This link goes into detail which is also on the club website.

http://www.frenchbulldogclubofengla...7418/beware_if_you_see_adverts_like_these.pdf

There is also a buyer beware section on the puppy buying advice part of the forum which is very helpful.

http://www.frenchbulldogclubofengland.org.uk/buyer-beware.html

There is lots of other help, advice, and contact details too on the site so worth checking out thoroughly.

http://www.frenchbulldogclubofengland.org.uk/


----------



## rocco33 (Dec 27, 2009)

danakay91 said:


> Hi there, I'm new here and I'm really looking for some advice off people who have knowledge in French bulldogs. My husband and I have decided to purchase a French bulldog puppy and we have the intention of using this pup as a stud in the future and even possibly showing the pup (if we opt for the right colour). We have viewed two pups that were not suitable. What I would like to know is in terms of studding a Frenchie what colour is most desirable? Do we opt for a recognised colour and if so which? or do we go for a fashion color? if so which?
> We are going to view two pups later today from the same litter. Good pedigree, parents heath tested and clear, pups KC, chipped, vaccinated, wormed, flead and Dna certificate. One pup is blue/ white pied and the other is brindle. Blue is advertised as carrying at/ay Dd ky Kbr. Brindle at/ay Dd Kbr. What does this mean please? I understand the Dd being blue but what about the others? out of the two pups which one would be more desirable and at a guess what price would you pay for a pup like this?

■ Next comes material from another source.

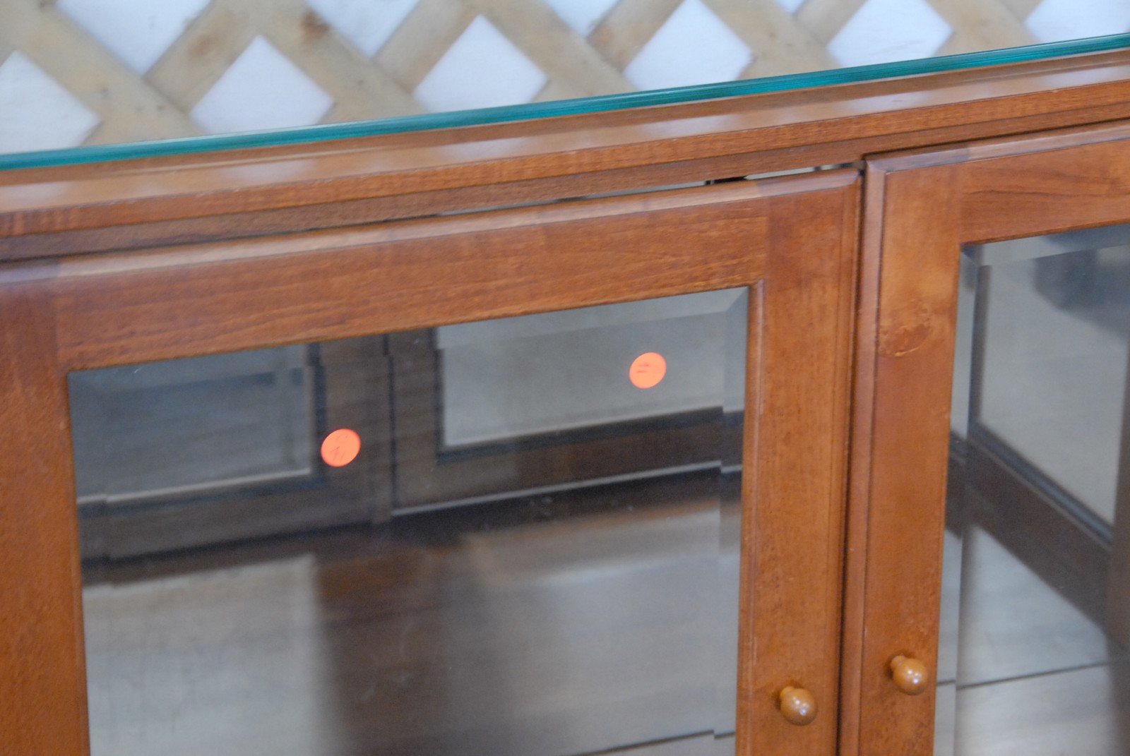Contemporary curio cabinet with beveled glass doors, glass shelves, and drawer

I think the real concern is that you are considering buying a puppy to be used as a stud before you know anything like the depth of knowledge of the breed. Breeding, either breeding yourself or having a stud dog is the end of the journey, not a starting poitn.

Why are you wanting to get a puppy you can use as a stud dog?


----------



## Rafa (Jun 18, 2012)

If you want, in the future, for your boy to be in demand at stud, it isn't as simple as going and buying a puppy.

You need to go to a few shows, talk to people who show and also breed for the showring. Take note of which lines are winning and try to buy a pup from one of those lines.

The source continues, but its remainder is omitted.